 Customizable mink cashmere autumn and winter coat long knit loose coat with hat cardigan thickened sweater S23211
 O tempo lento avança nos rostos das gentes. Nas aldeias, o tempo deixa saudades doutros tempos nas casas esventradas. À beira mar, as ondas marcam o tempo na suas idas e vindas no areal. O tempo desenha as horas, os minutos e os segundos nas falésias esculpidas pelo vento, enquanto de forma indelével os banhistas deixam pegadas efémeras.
□ □ □ □ □ □ □
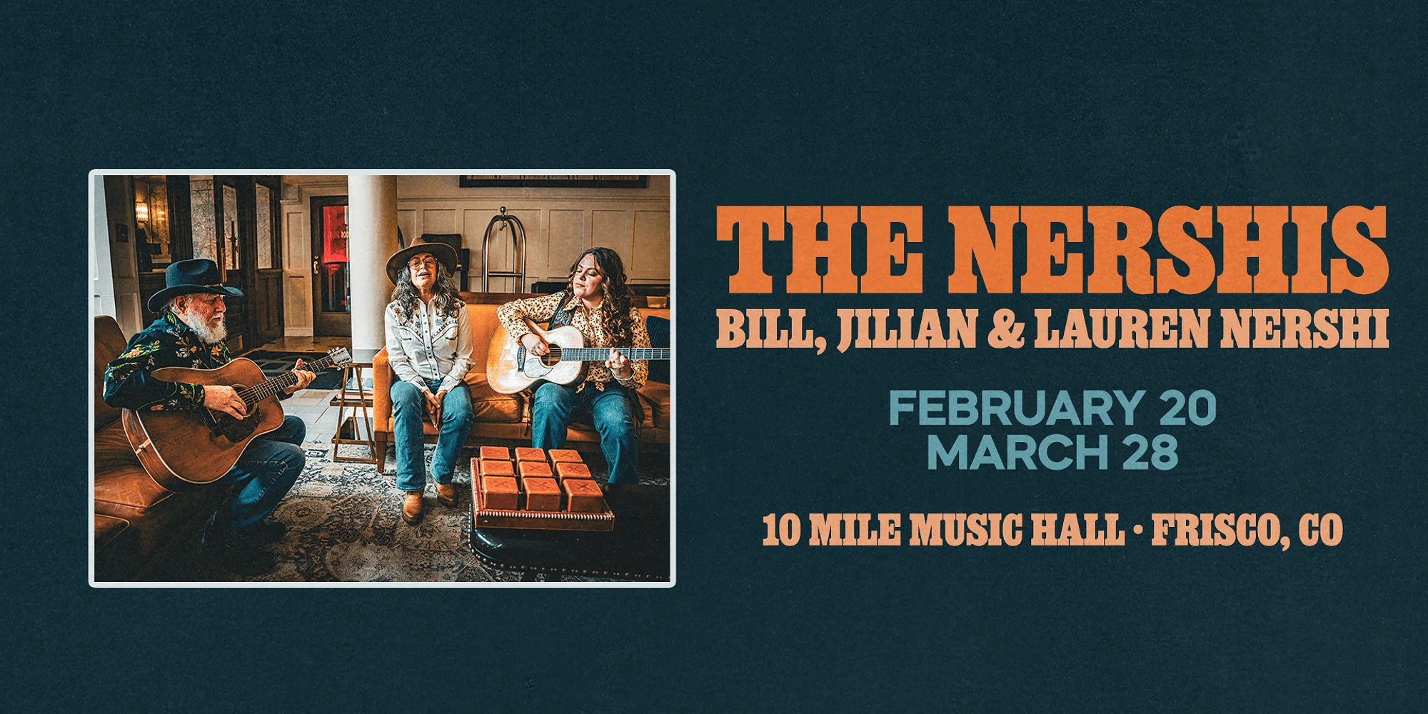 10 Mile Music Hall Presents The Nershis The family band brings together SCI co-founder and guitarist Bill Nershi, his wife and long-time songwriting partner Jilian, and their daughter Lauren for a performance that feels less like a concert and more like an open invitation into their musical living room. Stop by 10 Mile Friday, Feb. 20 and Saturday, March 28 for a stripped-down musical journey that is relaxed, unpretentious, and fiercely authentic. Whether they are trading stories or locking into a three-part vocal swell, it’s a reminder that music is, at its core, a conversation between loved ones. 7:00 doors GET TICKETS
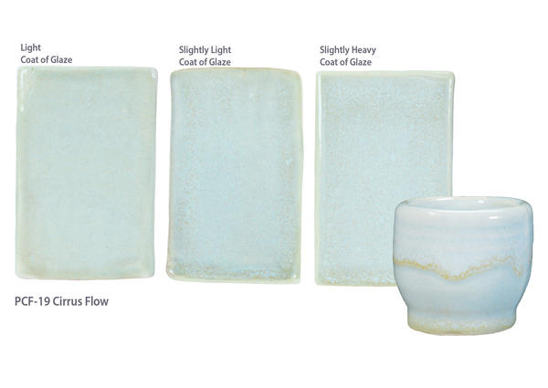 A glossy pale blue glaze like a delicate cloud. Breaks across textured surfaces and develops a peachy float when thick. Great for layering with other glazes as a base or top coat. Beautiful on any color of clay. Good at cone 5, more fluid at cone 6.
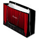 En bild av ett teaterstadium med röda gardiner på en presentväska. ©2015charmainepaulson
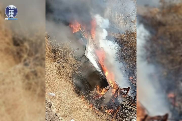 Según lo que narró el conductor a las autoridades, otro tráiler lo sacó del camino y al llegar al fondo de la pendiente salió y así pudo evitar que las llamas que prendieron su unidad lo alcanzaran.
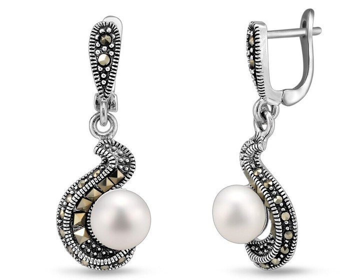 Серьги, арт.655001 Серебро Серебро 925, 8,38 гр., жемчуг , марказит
□ □ □ □ □ □ □
What is expected >>
Retype, exactly and with no pictures, everything above from the line with "Según lo que" down to the line with "Серьги, арт.655001 Серебро", both included.

Response below >>
 Según lo que narró el conductor a las autoridades, otro tráiler lo sacó del camino y al llegar al fondo de la pendiente salió y así pudo evitar que las llamas que prendieron su unidad lo alcanzaran.
 Серьги, арт.655001 Серебро Серебро 925, 8,38 гр., жемчуг , марказит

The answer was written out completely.